After Week 2 of the 2018 NFL Preseason, the San Francisco 49ers traded outside linebacker Eli Harold to the Detroit Lions for a conditional seventh-round pick in the 2020 NFL Draft.
Although most analysts and fans agree the San Francisco 49ers’ greatest deficiency for the upcoming 2018 season is the team’s lack of pass rush, the Niners dealt one of their top potential pass rushers — SAM linebacker Eli Harold — to the Detroit Lions for very minimal compensation.
Earlier this offseason, one self-proclaimed analyst predicted Harold wouldn’t make the 49ers’ initial 53-man roster; still, the decision is somewhat surprising due to the lack of quarterback pressure the 49ers created over the first two weeks of the 2018 NFL Preseason.
When San Francisco selected Harold in the third round of the 2015 NFL draft, they drafted a college defensive end who excelled as a pass rusher, but lacked ability as a run-stopper on the outside.
During his three seasons with the team, Harold became just the opposite — an outisde linebacker who was good at setting the edge, but amassed just five sacks over 48 NFL games:
One positive trait for the 49ers’ starting outside linebacker was his durability.
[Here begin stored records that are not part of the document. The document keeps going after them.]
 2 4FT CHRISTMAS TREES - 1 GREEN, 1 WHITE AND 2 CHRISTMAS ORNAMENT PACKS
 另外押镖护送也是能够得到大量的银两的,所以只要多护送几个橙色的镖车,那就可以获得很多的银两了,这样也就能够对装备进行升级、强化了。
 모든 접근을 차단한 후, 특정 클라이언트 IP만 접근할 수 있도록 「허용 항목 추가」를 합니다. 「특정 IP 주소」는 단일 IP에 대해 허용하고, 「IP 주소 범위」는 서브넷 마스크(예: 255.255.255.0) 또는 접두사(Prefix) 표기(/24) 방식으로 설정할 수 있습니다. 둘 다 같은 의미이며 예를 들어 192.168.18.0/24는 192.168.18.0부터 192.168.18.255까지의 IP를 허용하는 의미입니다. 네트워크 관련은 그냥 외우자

Harold didn’t miss a game over his three seasons in the league; however, his ability to stay on the field may have been the reason 49ers general manager John Lynch and head coach Kyle Shanahan decided to part ways with Harold before his fourth NFL season began.
Due to the Harold’s playing time, he was eligible the NFL’s “Proven Performance Escalator” this season. As opposed to a cap hit of under $1 million, Harold was scheduled to cost San Francisco $2.1 million in 2018.
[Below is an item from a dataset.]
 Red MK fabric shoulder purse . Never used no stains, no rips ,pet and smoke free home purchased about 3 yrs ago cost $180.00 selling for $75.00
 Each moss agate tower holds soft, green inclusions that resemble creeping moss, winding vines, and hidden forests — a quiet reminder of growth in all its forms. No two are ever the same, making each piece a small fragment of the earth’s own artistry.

Given that Harold was struggling to make the final 53-man roster, and was very unlikely to return to the team next season as a free agent, Lynch and Shanahan chose to get what they could for the former University of Virginia star — which wasn’t much.
My offseason article on Harold’s future with the team touched on the linebacker’s contract situation, but mostly focused on San Francisco’s assets at inside linebacker. I expected the 49ers would transition one of their versatile inside linebackers to the outside, however preseason injuries haven’t afforded the team that chance.
During last Saturday’s game, Houston primarily ran out of 11 personnel and 20 personnel, which kept San Francisco’s SAM linebackers on the sideline. While Harold played 27 defensive snaps — mostly as a defensive end — linebackers Mark Nzeocha and Pita Taumoepenu both played single-digit snaps on defense, while LB Dekoda Watson was on the field for 11 pass-rushing snaps.
49ers defensive coordinator Robert Saleh should have ample opportunity to test new starting SAM linebacker Nzeocha — along with other potential opening day starters — on Saturday, as the Indianapolis Colts utilize their pair of tight ends in 12 personnel at near the highest rate in the league.
The San Francisco 49ers just removed Harold as the first-team SAM linebacker on the team’s unofficial depth chart, with Nzeocha and Taumoepenu listed as the current second and third-stringers. But don’t be surprised if veteran linebacker Brock Coyle or rookie LB Fred Warner get preseason playing time at the position as well.